* _EXERCISE_
Below are records with pictures. Transcribe exactly, and only, the lines from the line with "Pouf rond en cuir Brooklyn" to the line with "電光飾りつけに囲まれて日中活動をしています。", both ends included, but not the pictures.

* _SUPPLIED INFORMATION_
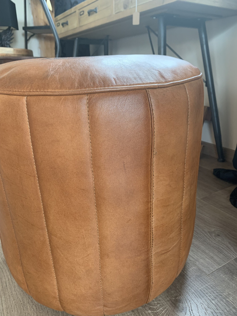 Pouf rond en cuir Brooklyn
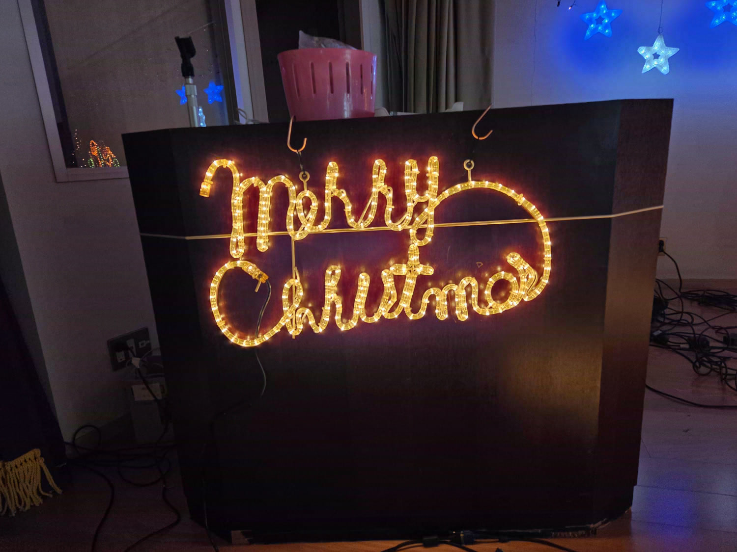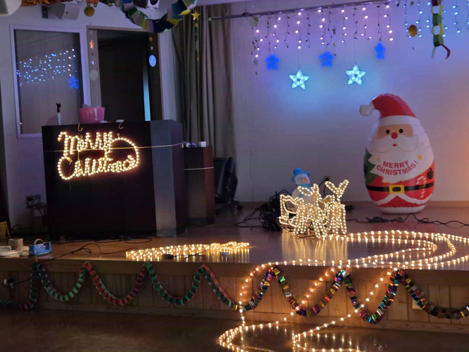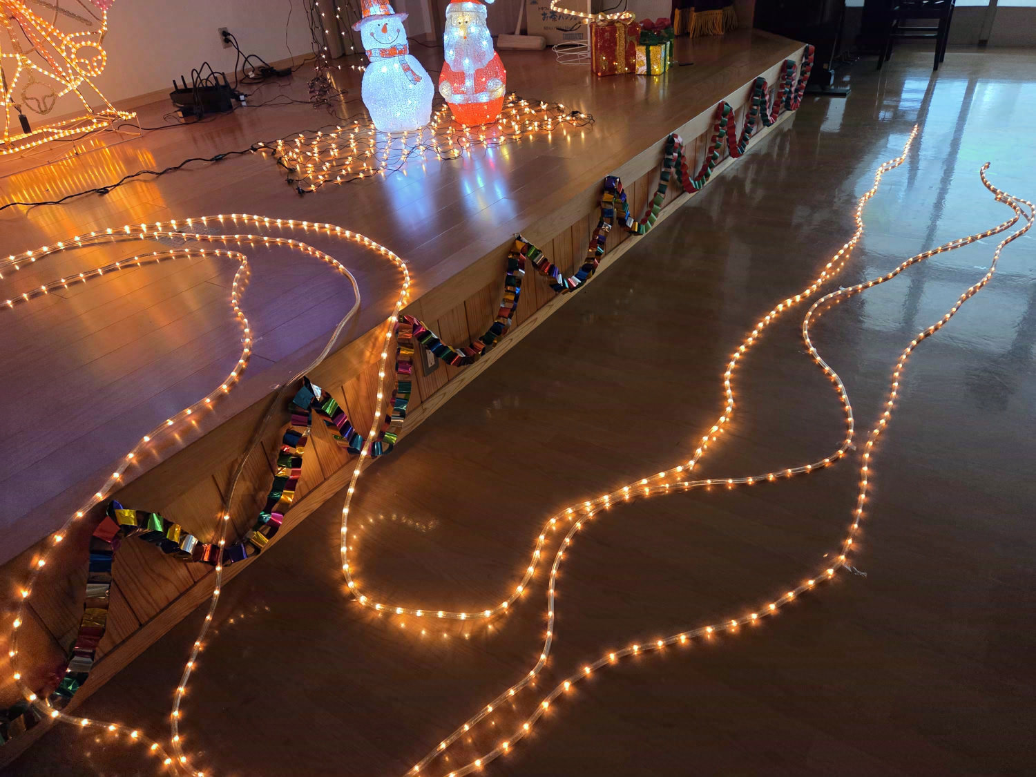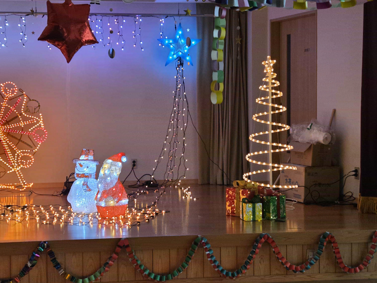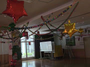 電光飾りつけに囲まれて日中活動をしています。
* * *
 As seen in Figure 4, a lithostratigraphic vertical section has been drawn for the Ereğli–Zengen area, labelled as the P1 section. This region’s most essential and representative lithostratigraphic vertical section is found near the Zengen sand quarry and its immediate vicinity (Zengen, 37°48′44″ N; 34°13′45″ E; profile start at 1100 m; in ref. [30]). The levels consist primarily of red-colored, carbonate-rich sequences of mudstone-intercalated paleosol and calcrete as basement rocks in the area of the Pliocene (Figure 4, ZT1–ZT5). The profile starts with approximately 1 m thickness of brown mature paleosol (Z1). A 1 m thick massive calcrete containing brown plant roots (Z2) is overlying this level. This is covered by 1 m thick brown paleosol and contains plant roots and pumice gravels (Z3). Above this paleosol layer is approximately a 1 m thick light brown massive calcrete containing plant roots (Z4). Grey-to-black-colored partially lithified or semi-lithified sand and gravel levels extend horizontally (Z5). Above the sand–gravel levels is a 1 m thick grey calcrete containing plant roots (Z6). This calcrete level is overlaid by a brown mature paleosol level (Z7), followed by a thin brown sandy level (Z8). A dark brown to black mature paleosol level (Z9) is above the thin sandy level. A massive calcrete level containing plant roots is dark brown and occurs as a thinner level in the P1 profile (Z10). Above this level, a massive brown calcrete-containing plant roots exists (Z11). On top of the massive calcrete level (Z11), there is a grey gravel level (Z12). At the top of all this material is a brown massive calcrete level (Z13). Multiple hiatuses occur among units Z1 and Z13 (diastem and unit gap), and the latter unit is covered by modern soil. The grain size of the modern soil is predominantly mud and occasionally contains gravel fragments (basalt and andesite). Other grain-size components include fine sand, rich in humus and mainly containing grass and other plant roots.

* _EXPECTED ANSWER_
 Pouf rond en cuir Brooklyn
 電光飾りつけに囲まれて日中活動をしています。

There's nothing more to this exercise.